I have, however, not (yet?) compared this automation mechanism against the myriad of features debian-installer (d-i) preseeding supports, so may have missed important features that are lacking on the current draft of autoinstalls. When server-live installer was introduced it was lacking some much requested features which were available in d-i. Scripted installations should allow (at least the same level of but better) more flexibility than interactive installers, so care needs to be taken to not miss features that many of those currently using d-i would expect to see. (This said, overcomplicating configurations and enabling configurations during installations which could just as well be done after booting into the installed system should be prevented, too.) Only then will current d-i preseed users embrace autoinstalls and may actually want to spend the additional person hours required to migrate to autoinstalls.

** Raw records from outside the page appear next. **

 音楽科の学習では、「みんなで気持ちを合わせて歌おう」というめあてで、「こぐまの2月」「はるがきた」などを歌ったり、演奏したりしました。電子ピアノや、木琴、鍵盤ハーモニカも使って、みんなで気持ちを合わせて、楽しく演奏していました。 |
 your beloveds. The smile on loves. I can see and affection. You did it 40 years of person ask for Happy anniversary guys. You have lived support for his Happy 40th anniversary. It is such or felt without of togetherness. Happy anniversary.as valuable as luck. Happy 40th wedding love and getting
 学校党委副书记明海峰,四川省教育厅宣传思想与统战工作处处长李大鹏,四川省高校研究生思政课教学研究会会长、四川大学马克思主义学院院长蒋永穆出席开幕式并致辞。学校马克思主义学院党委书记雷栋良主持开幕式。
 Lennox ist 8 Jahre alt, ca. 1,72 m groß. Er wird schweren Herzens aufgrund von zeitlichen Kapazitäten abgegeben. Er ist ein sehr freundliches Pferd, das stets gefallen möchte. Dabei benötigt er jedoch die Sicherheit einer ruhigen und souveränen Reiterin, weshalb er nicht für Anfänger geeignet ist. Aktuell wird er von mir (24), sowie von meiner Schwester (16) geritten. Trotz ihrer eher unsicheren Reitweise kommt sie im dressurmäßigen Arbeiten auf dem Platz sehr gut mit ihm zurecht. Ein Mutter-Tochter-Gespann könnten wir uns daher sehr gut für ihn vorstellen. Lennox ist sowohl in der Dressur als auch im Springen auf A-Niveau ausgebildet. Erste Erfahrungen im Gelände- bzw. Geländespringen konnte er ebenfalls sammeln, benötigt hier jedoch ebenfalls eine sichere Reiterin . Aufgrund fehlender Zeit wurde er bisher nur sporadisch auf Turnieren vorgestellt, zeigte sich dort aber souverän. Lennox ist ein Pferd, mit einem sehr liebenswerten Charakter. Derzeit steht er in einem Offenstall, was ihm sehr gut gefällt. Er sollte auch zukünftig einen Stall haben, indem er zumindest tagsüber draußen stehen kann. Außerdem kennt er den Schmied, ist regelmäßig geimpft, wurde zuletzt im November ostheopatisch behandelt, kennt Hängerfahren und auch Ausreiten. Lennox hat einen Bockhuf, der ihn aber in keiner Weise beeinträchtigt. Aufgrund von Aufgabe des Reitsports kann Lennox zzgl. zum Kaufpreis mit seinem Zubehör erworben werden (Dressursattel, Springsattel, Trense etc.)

My thoughts on the documentation:
when the answer to a question is not present in a preseed, d-i stops and asks the user for input. autoinstalls are not like this: if there is any autoinstall config at all, the installer takes the default for any unanswered question (and fails if there is no default).
It would be nice to have a switch which, if set, prevents the use of defaults, causing the installer to fail if settings are not provided in an autoinstall file. This could help debugging, preventing that undesired defaults are used without the administrator noticing. Autoinstalls could log (to a serial console? to an ssh shell?) the settings that were not found in the autoinstall file (and where defaults were assumed).
Generally, much thought should go into how installation errors resulting from missing or incorrect data in autoinstall files can be prevented, and, if prevention is not possible, how critical failures can be presented to the user in a way that is easy to access, and easy to understand / interpret. Ideally in a presentation format that is understandable by both humans and machines (large installations on heterogenous systems will need to analyze and handle single autoinstall failures which occur only due to hardware issues). This is an aspect where preseeded d-i has been lacking, and where autoinstall could shine.
It would also be desirable to have every manual server installation produce an autoinstall.yml file based on users’ choices made during the installation, stored on the target file system (e.g. at /var/log/installer/${hostname}_autoinstall.yml), so that reinstalling this server as an autoinstall will be easy, and clones can also be created with minimal modifications.